Молча они шагали по каменистой тропинке к дому, но их молчание не было отягощено печалью. В окнах горел свет: две женщины из поселка пришли проведать мать, и все три под веселый звон чайной посуды и громыханье кочерги в камине усаживались за стол провести вечерок. Гэрет сразу же заявил, что после десятичасового рейса вернется домой и проводит их. А Роджер был рад присутствию этих женщин: они создавали вокруг матери атмосферу уюта и сплетен, и хотя она знала, что Роджер здесь и два-три раза даже обращалась к нему, но то, что это его последний визит, не дошло, по-видимому, до ее сознания, благодаря чему обошлось без торжественного прощания.
Когда они перед семичасовым рейсом в город шли к автобусу, Гэрет первым нарушил молчание.
«Никогда я не забуду, как в тот вечер пришел сюда под проливным дождем и увидел, что моя машина исчезла».
Роджер хмыкнул.
«Это прошлой осенью, что ли?»
«А то когда же?»
«Ну что ж, — сказал Роджер, — я пытался возместить убытки, чем мог».
«И неплохо возместили, — сказал Гэрет. — Если бы в тот вечер я мог заглянуть в будущее и увидеть, как все повернется, на седьмом бы небе был от радости».
«Да, все повернуло не так уж плохо для нас обоих, — сказал Роджер. — Нам обоим тогда очень нужно было, чтобы счастье переменилось, и так оно и вышло».
Они подошли к автобусу.

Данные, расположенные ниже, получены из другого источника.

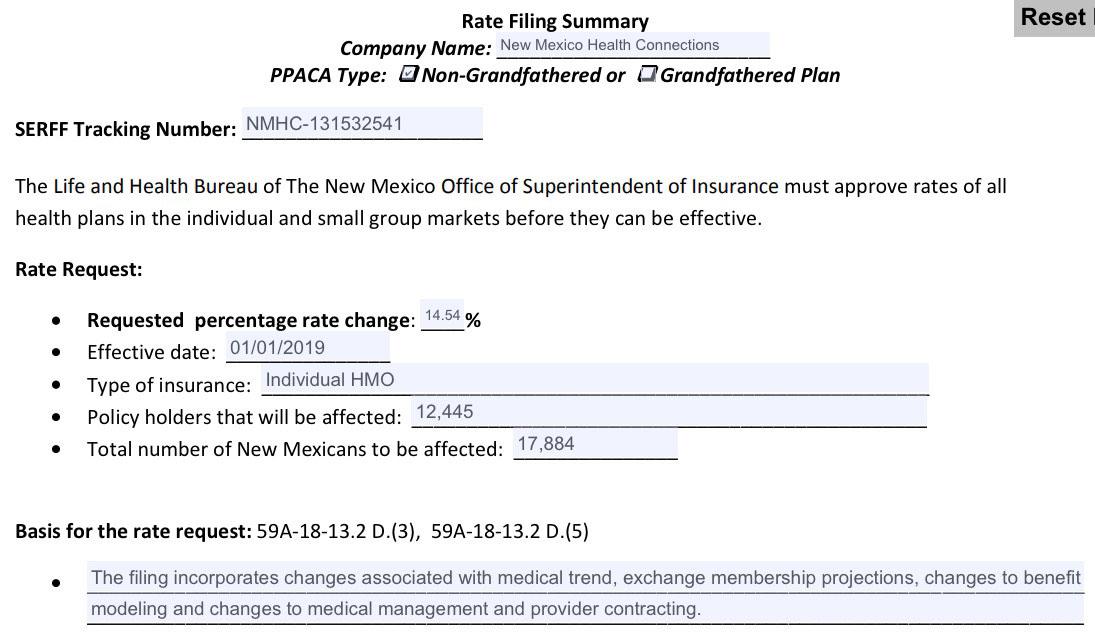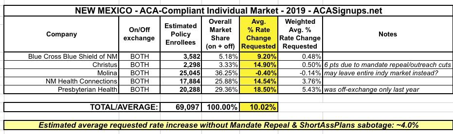 New Mexico: Preliminary 2019 ACA rate hike request:10%; est. ~6% due specifically to ACA sabotage

Первые пассажиры уже занимали места. Гэрет включил свет, и автобус опять стал тем, чем он был для Роджера в тот первый дождливый вечер — приютом радости и света на темном склоне горы.
Поглощенные каждый своим делом, Роджер и Гэрет больше не разговаривали.

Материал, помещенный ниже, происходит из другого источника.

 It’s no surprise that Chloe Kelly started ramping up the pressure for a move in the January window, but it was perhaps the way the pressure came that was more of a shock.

Часа три спустя Дженни и Роджер сидели бок о бок в зале карвенайского муниципалитета. Главные события этого дня близились к концу. Для Дженни это было радостным окончанием долгой изнурительной страды. Она подсела к Роджеру всего минут двадцать назад, а до этого он сторожил ее пустое кресло, отгоняя всех покушавшихся на него, в то время как Дженни хлопотала за кулисами, давая поручения, расстанавливая в нужном порядке выступающих. Чтение проходило гладко: бретонские, ирландские, валлийские поэты в установленном порядке появлялись перед публикой и читали свои творения; даже шотландец, лишенный привычной клаки, не вышел из рамок и прочел на своем, похожем на английский языке то, что было обусловлено. А теперь на авансцене стоял Мэдог и читал отрывки из поэмы «Гвилим чероки», а остальные поэты, уже выступавшие, слушали его из зала, и Мэдог был все тот же Мэдог и вместе с тем кто-то другой — это был ученый, влюбленный в свой язык, тот Мэдог, который запомнился Роджеру с их первой встречи, но это был и Мэдог-бард, одержимый менестрель, и язык его был жгуч, когда он пел о невзгодах своего народа, это был Мэдог-чероки, Мэдог — певец Гвинеда, Мэдог-клерк из заурядной конторы, сплетавший свои словесные узоры, руководствуясь инстинктом, как птица, и памятью, как слон, и любовью, радостью и тревогой, как человек; и Роджер, сидя рядом с Дженни и слушая Мэдога, чьи темные, вдохновенные видения стали ему теперь доступны благодаря знанию валлийского языка, — Роджер понял вдруг, что и поэма Мэдога, и желтый автобус Гэрета — это одно, единое, и что эти стихи, и этот автобус носили его, Роджера Фэрнивалла, здесь по горам и вынесли туда, где он обрел самого себя.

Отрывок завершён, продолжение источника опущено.